Mid-depth peels. Mid-depth peels affect the intraepidermal layer with exfoliation occurring within two to three days of application. Rejuvenation follows little to no downtime. Peeling usually consists of light flaking similar to a sunburn peel.
Best practice. May be performed monthly for as long as needed.
Deep peels. Restore and renew skin with the most dramatic results by using deep peels. The skin undergoes considerable peeling rather than flaking, because deep peels affect the deepest intraepidermal layers. Typically three or four days after application, the skin may become temporarily brown and crusty. The entire process takes about seven to 10 days.
Best practice. Administer peels six weeks apart. It is not recommended to do more than three or four per year.
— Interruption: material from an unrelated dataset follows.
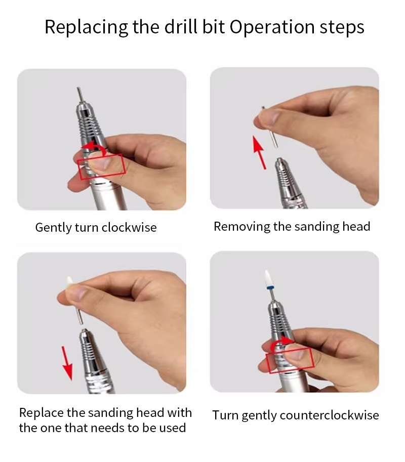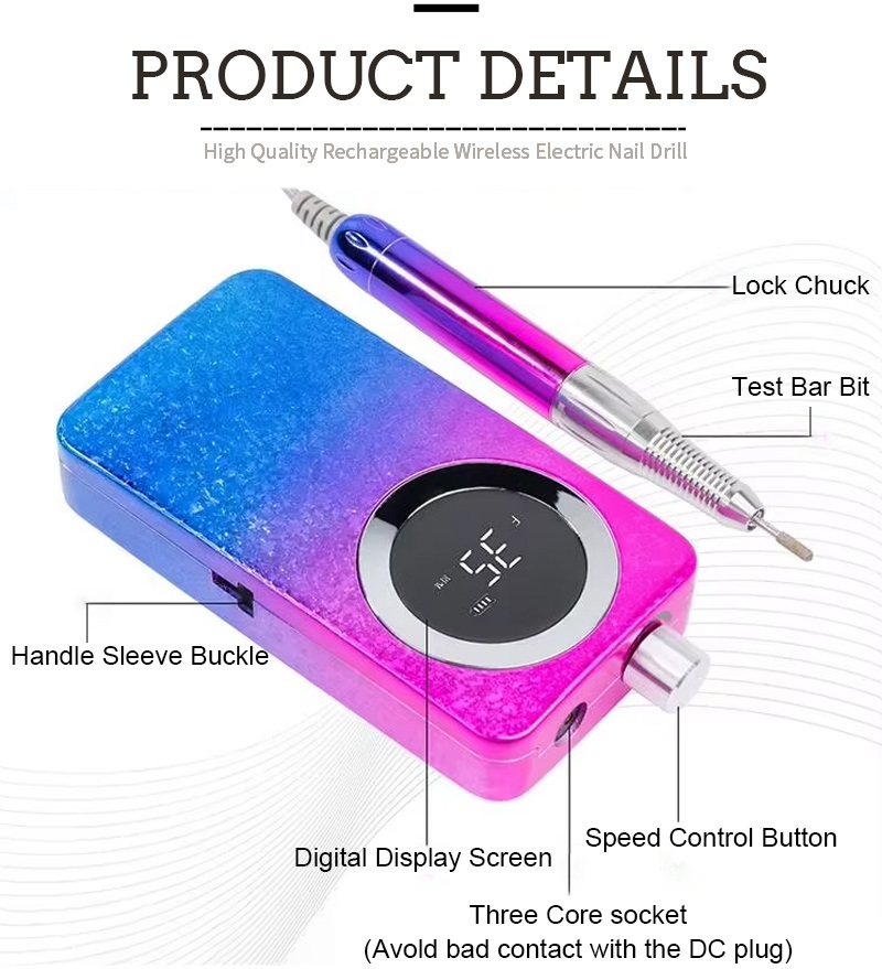 Denne 30.000 rpm elektriske sømboremaskine har 2 farver at vælge imellem, sort/hvid/grå/blå/rød/pink/orange, farverige farver.

Peeling agent applications
A wide variety of formulas exist, ranging from those strictly for medical use to those for esthetic use. For skin care professionals offering skin peeling treatments, knowledge of the types of agents available is essential. While duration, Fitzpatrick classification and technique all play a role in determining peeling depth, the peeling agent used is one of the most important factors. There is an art to preparing acid formulations, and it requires a very specific understanding of acids.
Medical peeling agents. Medical peeling agents create deep chemical peels that require longer healing times and also increase the potential for complications as they penetrate much deeper than superficial peels, which work at the epidermal level. Some of the most commonly used include the following.
•Baker-Gordon formula—A combination of phenol, croton oil, septisol soap and distilled water.
•Medical TCA—A high-strength TCA performed in medical settings. There is fast absorption, immediate cell necrosis, and it penetrates to the dermal level.
•Phenol acid (88% solution)—A very intense solution that can lead to irreversible hypopigmentation because of its melanotoxicity. It is not advised for dark skin.
These agents are intense formulas only recommended for medical use. Extreme caution must be used with phenol products as they are very toxic and pose considerable risk. Cardiac arrhythmia and toxicity of organs have been known to occur.
Esthetic peeling agents.
Esthetic peeling agents certainly come with their cautions, but they are not as extreme as the medical-use agents. These superficial epidermal exfoliations also offer variety and the ability to create very customized results. Each has a specific purpose and effect on skin cells and tissue regeneration. Some of the most commonly used acids include the following.
•Alpha hydroxy acids (AHAs)—Naturally occurring, nontoxic organic acids. The most commonly used include glycolic (from sugar cane) and lactic (from milk). Others include malic (apples), tartaric (grapes) and citric (citrus) acid.
•Azelaic acid (up to 15%)—A lightening, lifting and antibacterial agent created by oxygenating oleic acid, an unsaturated fatty acid found in milk fats.
•Flower acids—Obtained from hibiscus chalices and characterized by their high level of AHA-like citric acid (10%) and pyruvic acid (5%), flower acids are classified as second-generation AHAs because of their hydrating qualities and ability to increase cell turnover without irritating the skin.
•Jessner’s—A combination of lower-strength acids (salicylic, resorcinol and lactic, all at 14%), which synergize to produce an efficient exfoliating agent with less risk.
•Red wine vinegar (acetic acid)—A natural acid with high antioxidant content, some studies have shown red wine vinegar to produce exfoliation with less free-radical damage and thus, less potential injury to the skin.
•Retinol—A vitamin A derivative that converts to retinoic acid and is a DNA-regulator that assists in the synthesis of collagen, retinol aids in the formation of blood vessels and encourages healthy cell formation.
•Salicylic acid—A relatively safe, low-risk beta hydroxy acid extracted from wintergreen and birch that produces a drying and lifting effect. Although it is self-neutralizing, repeated applications in high-strength doses can result in systemic toxicity.
•TCA—Nontoxic, self-neutralizing and keratolytic that penetrates only if it used in an aqueous base, TCA is very effective in low strengths, and can be used alone or in tandem with other acids.